Tribune-Democrat: Overtime pay rules may have ‘unintended consequences’
An imminent change in federal overtime regulations could have “unintended consequences” for employees and business, U.S. Rep. Keith Rothfus, R-Sewickley, said Tuesday.
Rothfus attended a roundtable discussion about the upcoming update to the federal Fair Labor Standards Act on Tuesday afternoon at the Somerset Trust building in Johnstown.
At the discussion, Patti Hudson and Joel Valentine, shareholders at Johnstown-based accounting firm Wessel & Co., presented an overview of the upcoming rule changes to representatives of several local businesses and nonprofits.
The Fair Labor Standards Act mandates that workers who earn an hourly wage must be paid overtime – 1.5 times their usual wage – for any hours over 40 they work in a workweek.
However, workers who earn a salary instead of an hourly wage and who perform some managerial or administrative duties are exempt from that requirement, assuming they earn at least $455 per week, i.e., $23,660 per year.
Assuming the new rules go into effect, that pay threshold will increase on Dec. 1 to $913 per week – $47,476 per year. Also, any worker whose job does not involve executive, administrative or professional duties will be subject to the new rules.

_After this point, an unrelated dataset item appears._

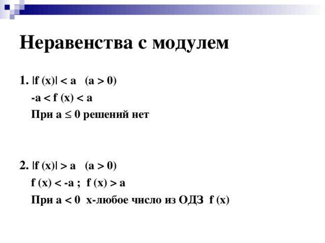 0) -a a При a ≤ 0 решений нет 2. | f (x) | a (a 0) f (x) -a ; f (x) a При a 0 x- любое число из ОДЗ f (x) " width="640"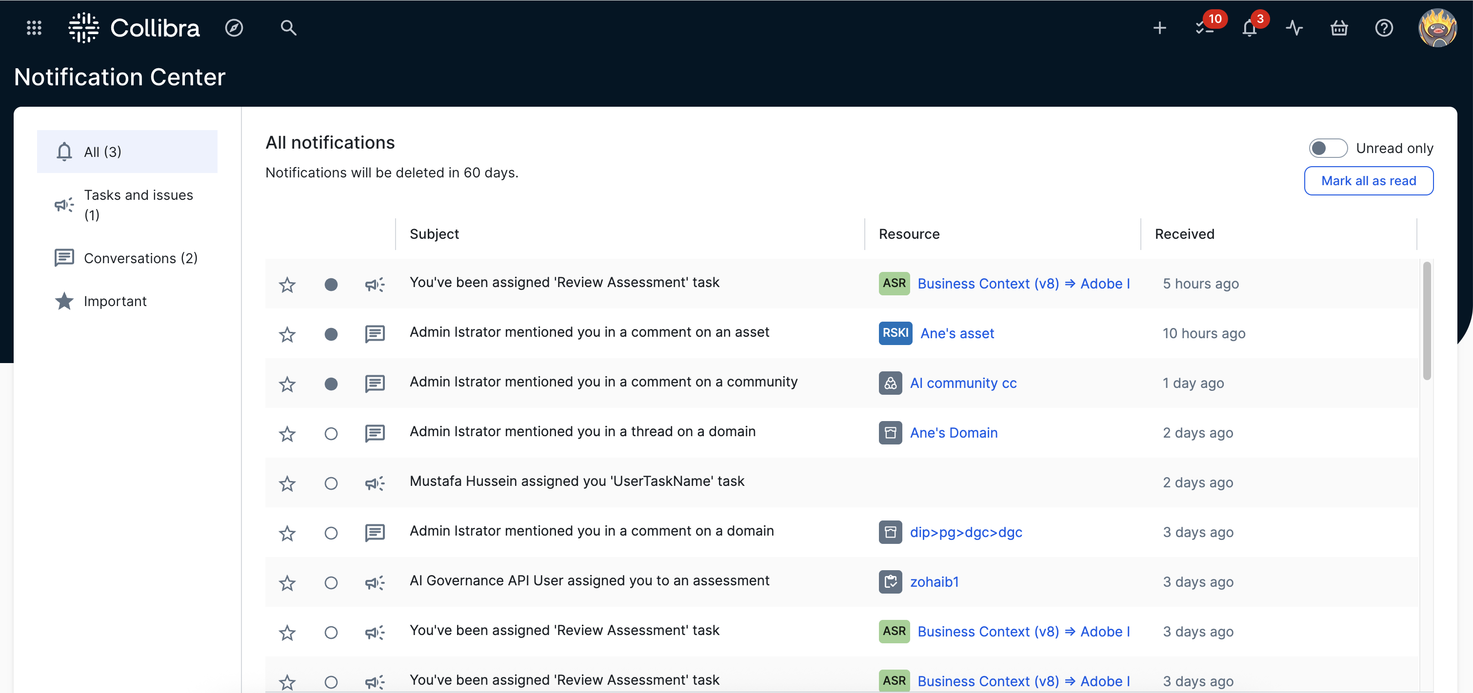 All of your Collibra notifications in the last 60 days. |

In effect, workers who currently earn a salary between $23,660 and $47,476 per year or whose job does not include executive, administrative or professional duties will soon earn an hourly wage and become eligible for overtime pay.
The Department of Labor estimates that the change will affect 4.2 million American workers.
There are only a few exceptions to the new rules. Teachers, physicians and attorneys are exempt, and businesses with annual revenues of less than $500,000 are not subject to the Fair Labor Standards Act and thus won’t be affected, Hudson said – although individuals may still be subject to the act if their job duties involve travel across state lines, in which case their employers must comply with the rule change.
Advocates for the change say that the new rules will ensure workers receive pay for all the hours they work.
But local opponents say the change will pile onerous regulations on businesses, hurting employees in the process.
“It’s really stifling our local businesses from growing and expanding, creating new jobs,” Debi Balog, director of workforce development at JARI, said Tuesday.
“It’s really hitting us hard.”
“It’s going to force employers to employ people less than 40 hours,” Frank Janakovic, mayor of Johnstown and CEO of the Alternative Community Resource Program, said.
The change could thus force employees who currently work full time to find a second job, Janakovic added.
Rothfus said the rule change was an example of an unsuitable “one-size-fits-all” approach from Washington bureaucrats.
The increased threshold might help workers in large cities with high costs of living, but it doesn’t capture the law’s intent in places like Johnstown, he said.
ACRP’s Kristy Baker pointed out that currently salaried employees whose duties include responding to calls or emails after business hours would not be able to continue such duties if they earned an hourly wage.
Although there’s little time left before the rules go into effect on Dec. 1, Rothfus said he and several congressional colleagues are working to delay the rule change for six months to allow for further study of its impacts.
The House of Representatives has passed legislation to that effect by a 246-177 vote, but the Senate has not passed a corresponding bill.
“It’s going to take a concerted effort to get that delay” given that President Barack Obama has promised to veto any legislation that would delay the rule change, Rothfus staffer David Goldfarb said Tuesday.
Rothfus encouraged opponents of the changes to contact their senators and encourage them to vote in favor of the six-month postponement.